I believe you are still combining the ideas of "infinite" and "all-encompassing" together. While some types of faiths would hold that God is all-encompassing (and actually there is not a problem here either), the majority simply require that God is infinite, but not necessarily all-encompassing. For example a line is infinite. It is not bounded in either the positive or negative direction. However a line is properly contained within a plane. The line is infinite but not all-encompassing with regard to the plane..)
Note: The definition of infinite is endless or unlimited. A line is only partially infinite as it stretches endlessly only into one direction and not in all. Hence, it is finite in all directions but one.
The crux of Mycroft's argument is this: Most Judeo-Christian faiths describe God as distinct from the universe. This is incoherent because the universe is traditionally taken to be all that exists. God is maintained to exist and to be distinct from the universe. Hence, simultaneously two incompatible claims are made. God exists and God is nothing (outside of all things that exist). You have not yet furnished a refutation of this view.
On that note, we may drop the argument about the infinity of the universe. The main question is about the separability of God from the universe. If he is infinite (has no limits), then how is it possible for his nature to not include the world? Would you reply with a claim that he is infinite but not all encompassing? Exactly how a line is infinite, that is God stretches infinitely in only one direction and therefore does not occupy all of the universe? In that case, he goes through the universe, but then where does he go after he has gone through his creation? Into nothingness, or ceases to exist? In that case he is not infinite like a line, he is a segment. Or not infinite at all. If he is infinite like a line (partially infinite), then he must proceed infinitely into the endless (infinite) universe that he created. Perhaps, exactly like a line he occupies only a part of the infinite plain. But in that regard, his nature must be coterminous with at least part of the universe and not completely distinct from it as many Judeo-Christian theologies maintain. At best, they would have to concede that God is only partially infinite, rather than completely.

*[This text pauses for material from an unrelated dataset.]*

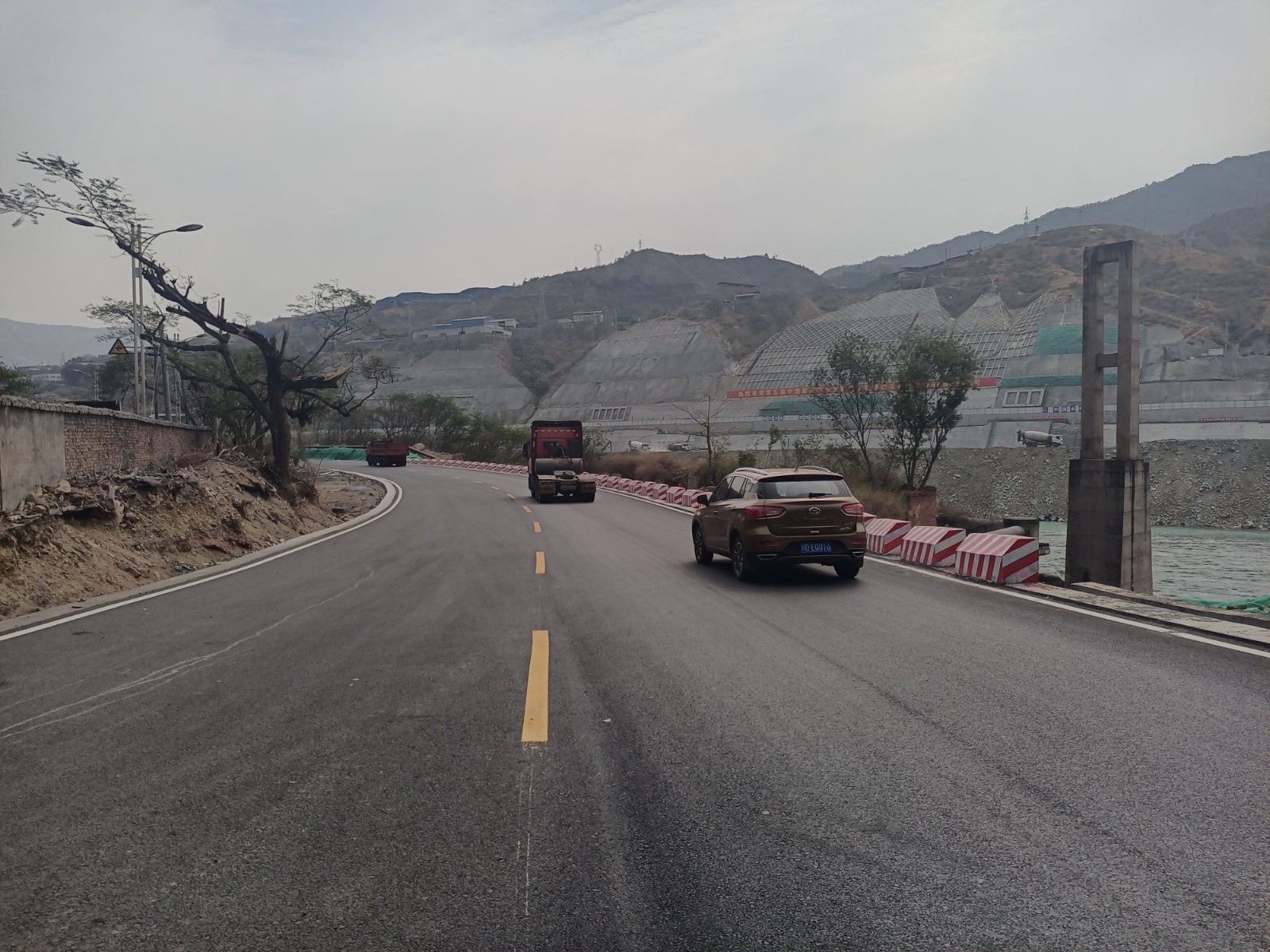據悉,銀江水電站左岸建筑物布置占壓現有G353國道,需結合左岸壩肩邊坡開挖進行永久改線。左岸壩肩邊坡開挖及G353國道永久改線施工期間,需通過G353國道改線臨時公路分流地方交通。此次通車的G353國道改線臨時路線路長約為0.41km,道路線形采用二級公路標準,雙車道,路面寬度11.0m,路基寬度12.0m,瀝青混凝土路面。
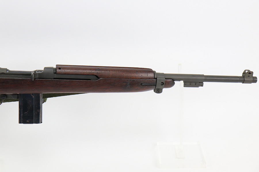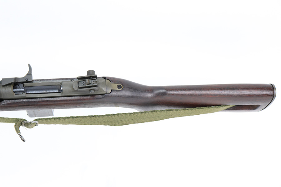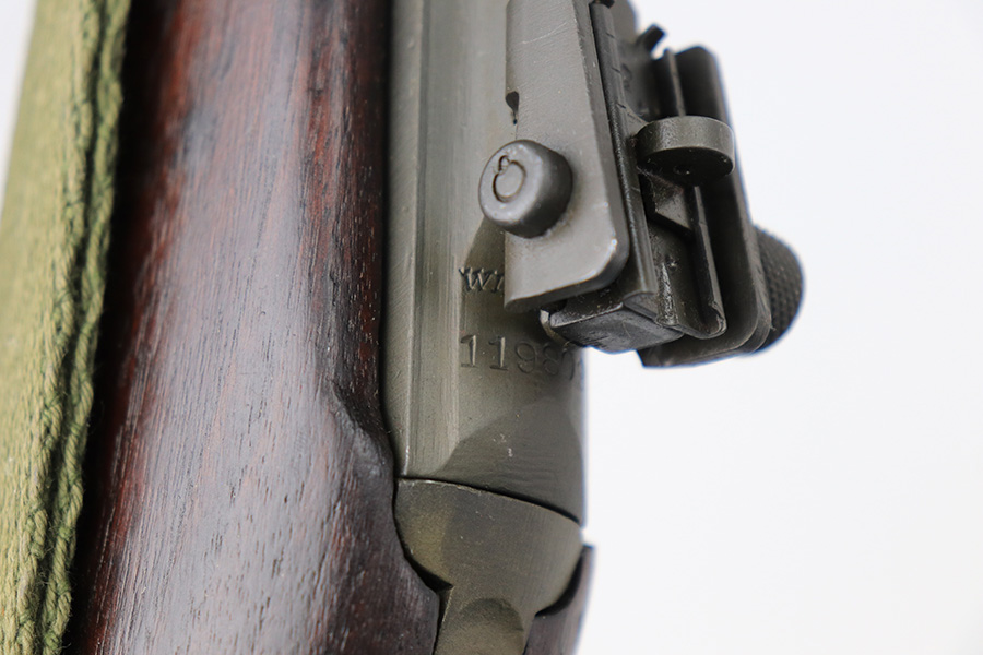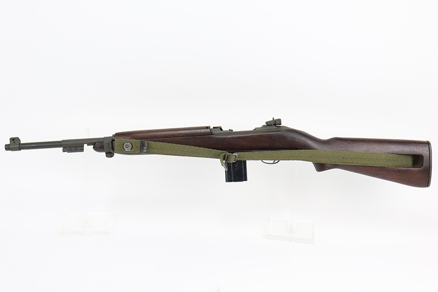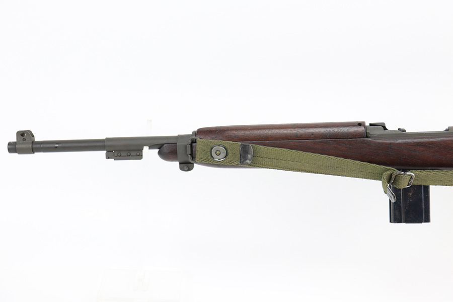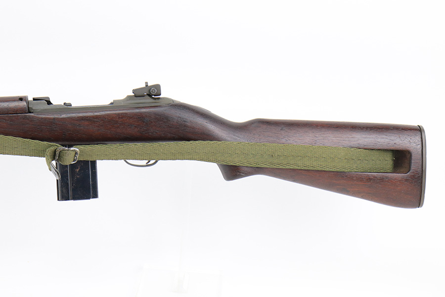 5/24/22 – This is a minty example of a Winchester M1 Carbine issued to the US military in about 1943. The gun has been completely arsenal reworked and refurbished, as evidenced by the “RIA” Rock Island Arsenal rework stamp on the left side of the butt stock. A bayonet lug and adjustable rear sight were added, likely for re-issue in the Korean War. There is almost no actual finish loss, but there is some pin-pricking under the finish along the barrel. Minty wood stock marked “P-J”. Comes with a period-correct magazine and a green canvas sling. Minty bore. Small surface crack on the top of the wrist of the stock.

Supplemental Note: Theologians may respond that it is not the case that God exists outside of the universe. He exists within the universe but outside of
our universe. He resides in a realm that is radically different from ours. That is, one outside of time, space and matter. In that case we cannot talk about his existence meaningfully. When we claim that something exists, we assume that it has some characteristics relevant to our sensual perceptions. Such as for example, occupying space (being finite or infinite, that is occupying some space or all). If we say that something exists outside of space (God), we claim it occupies no space, or it is nothing by definition.
On that note, the talk of God existing in a different universe must be dismissed as hopeless non-sense. It means the same thing as God existing outside of the universe or in nothingness.